Sunday, January 23, 2011

Recipe: Rosettes

Rosettes are thin, waffle-like deep fried batter pastries, of Scandinavian origin. They are traditionally made at Christmas time, but are also served on May Day in Finland. To make them, intricately designed irons are heated in hot oil, then dipped into a sweet batter, then back into the oil and fried until crisp. They are usually just simply served with a dusting of icing sugar.

There are many different iron designs, and different batter recipes to try. With the irons I received for Christmas I tried the following recipe:

Basic Batter - makes 36 rosettes

-225ml milk
-1 vanilla bean, split lengthwise
-3 tablespoons granulated sugar
-1/2 teaspoon coarse salt
-1/2 teaspoon ground cardamom
-175g all purpose flour
-2 large eggs, beaten
-Oil for frying
-Icing sugar for dusting

1. Scrape the seeds from the vanilla and whisk with the milk. In a separate, larger bowl, mix together the sugar, salt, cardamom and flour. Add the milk and eggs and whisk until smooth. Chill the batter for 30 minutes.
2. Heat the oil in a deep frying pan or large saucepan until the temperature reaches 375°.
3. Carefully dip the irons (with handle attached) into the oil and leave to heat for 2-3 minutes. Blot on a paper towel. At this point it is handy to have some paper towels laid out on the work surface, as it can get messy!
4. Dip the hot iron into the batter up to the top edge of the iron- do not totally submerge. Then dip into the hot oil for around 15 seconds or until golden brown. Remove from the oil and gently remove the rosette, using a fork if required. The rosette may detach itself from the iron whilst it is still in the oil, in this case carefully remove from the oil with tongs. Drain the rosettes on paper towels then serve dusted with icing sugar.
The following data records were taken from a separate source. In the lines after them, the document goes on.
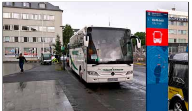
Ein stoppustöðvanna fyrir stóru bílana er við Ráðhús Reykjavíkur.

Markmiðið með nýju stæðunum er að vernda íbúabyggð fyrir óþarfa umferð en um leið auka þjónustu við rútufrirtækin og gistaðaði innan þeirra svæða sem takmarkanir eru á akstri stórra bíla. Rútubílastæðin eru merkt með númerum og heitum til að draga úr mögulegum misskilningi. Staðsetningar stæðanna má sjá á korti á vef Reykjavíkurborgar og þær hafa einnig verið settar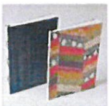
ならわしノート・ 現代和綴帳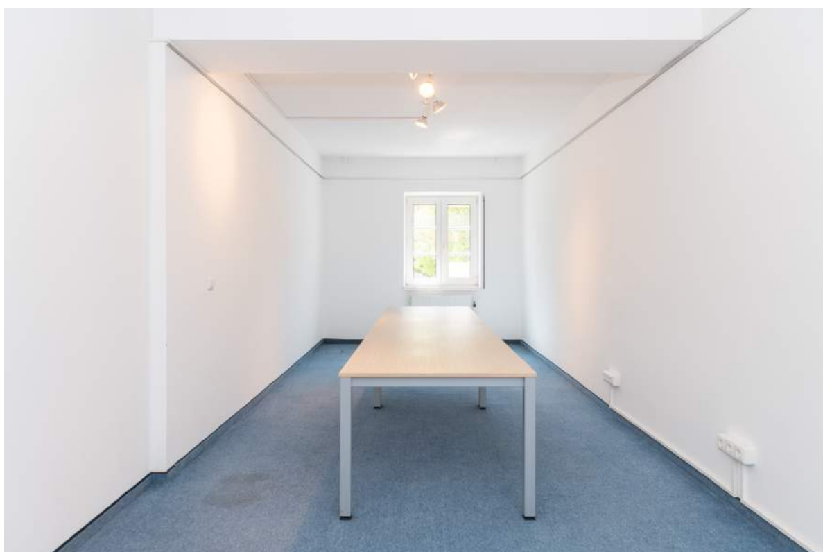
Bürraum 3 (1.OG)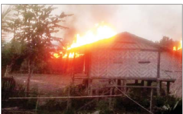
KIA အဖွဲ့မှ အကြမ်းဖက်မှုကို လိုလားသူများနှင့် PDF အမည်ခံ အကြမ်းဖက် သမားများက လက်နက်ကြီးများဖြင့် ပစ်ခတ်မှုကြောင့် သာယာကုန်းကျေးရွာရှိ လူနေအိမ်များမီးလောင်နေမှုပုံ။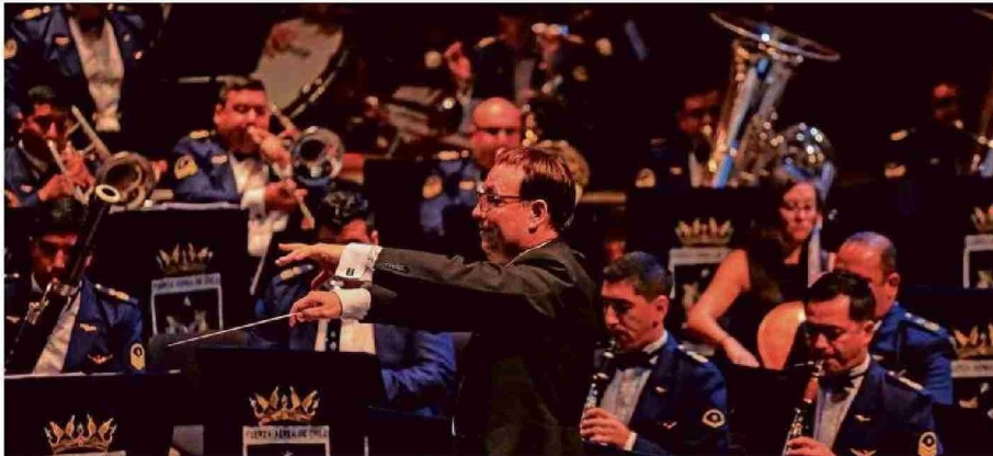
Banda Sinfónica FACH.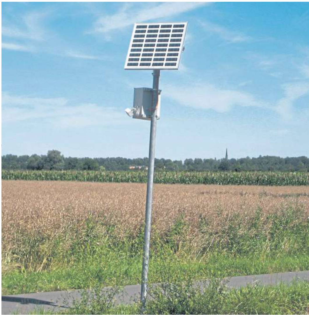
Eine Zählstelle am Weser-Radweg.

2017: 6400 HR, 25 500 AR, zusammen: 31 900 2018: 15 600 HR, 25 800 AR, zusammen: 41 400 2019: 21 599 HR, 29 055 AR, zusammen: 50 654 2020: 29 573 HR, 31 085 AR, zusammen: 60 658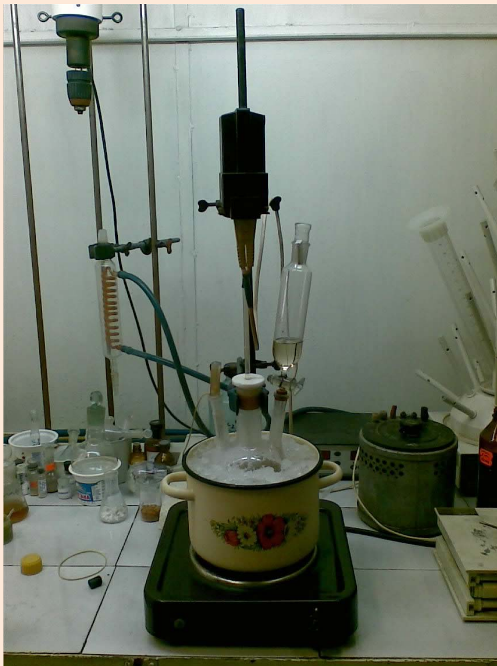
Получение гидрохлорида диэтилового эфира L-аспартата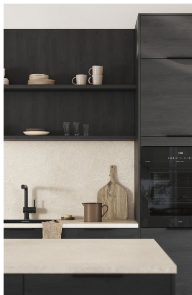
Sort eik dekor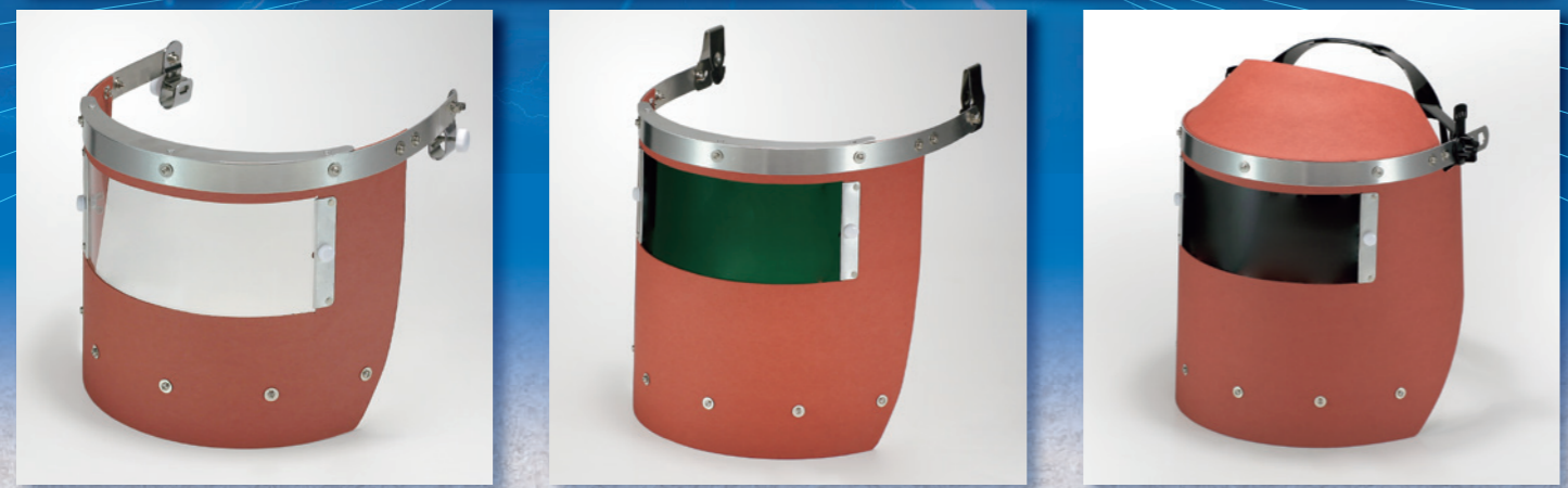
FB775T-6 アクリル透明 外寸 (H) 200×(W) 360 窓寸 (H) 80×(W) 200 FB776T-11 G3 外寸 (H) 245×(W) 360 窓寸 (H) 80×(W) 200 FB777(RF)-N4A IR11 外寸 (H) 245×(W) 480 窓寸 (H) 80×(W) 200 電動ファンマスク併用推奨品

A video on how to make them can be found here:

Sunday, January 16, 2011

Recipe: Blitva (Swiss chard and potato side dish)

This week we got some Swiss chard in our veg box, and at first I wasn't sure what to do with it. Then I remembered my Dad saying he had had a nice Swiss chard dish when he was working in Croatia.

So here it is, 'Croatia's most popular side dish' !



1kg Swiss chard (or mangold as they call it in Croatia), sliced into 3cm pieces
2 medium potatoes, peeled and cut into 2cm chunks
3 tblsp olive oil or to taste
1 - 2 cloves of garlic, to taste
Salt & pepper to taste

1. Boil the potatoes until done (around 10 minutes). Towards the end of the cooking add the chard and cook for a further 3-4 minutes.
2. Drain the chard and potatoes. In the pan heat the olive oil and sautée the sliced garlic, making sure it doesn't brown (this will make it taste bitter).
3. Return the chard and potatoes to the pan, add the seasoning and stir through.

Saturday, January 15, 2011

Cheese of the Month: Appenzeller

Appenzeller is a Swiss cheese from the Appenzell canton. Known as 'the spiciest cheese in Switzerland', it acquires it's unique flavour during the ripening process, when the rind is regularly washed with a herbal brine. The unique herbal brine is made from distilling a selected mixture of herbs, roots, leaves, flower petals, seeds and rinds. The recipe for the brine is so secret, that apparently there are currently only 2 people who know the exact recipe.

There are three main types of Appenzeller, the difference between each being the amount of time the cheese is ripened for:

Appenzeller Classic: 3 months
Appenzeller Surchoix: 4 months
Appenzeller Extra: 6 months

Cheese enthusiasts will be glad to know that there is a show-dairy in the mountain village of Stein, where you can learn all about the cheese and the production process.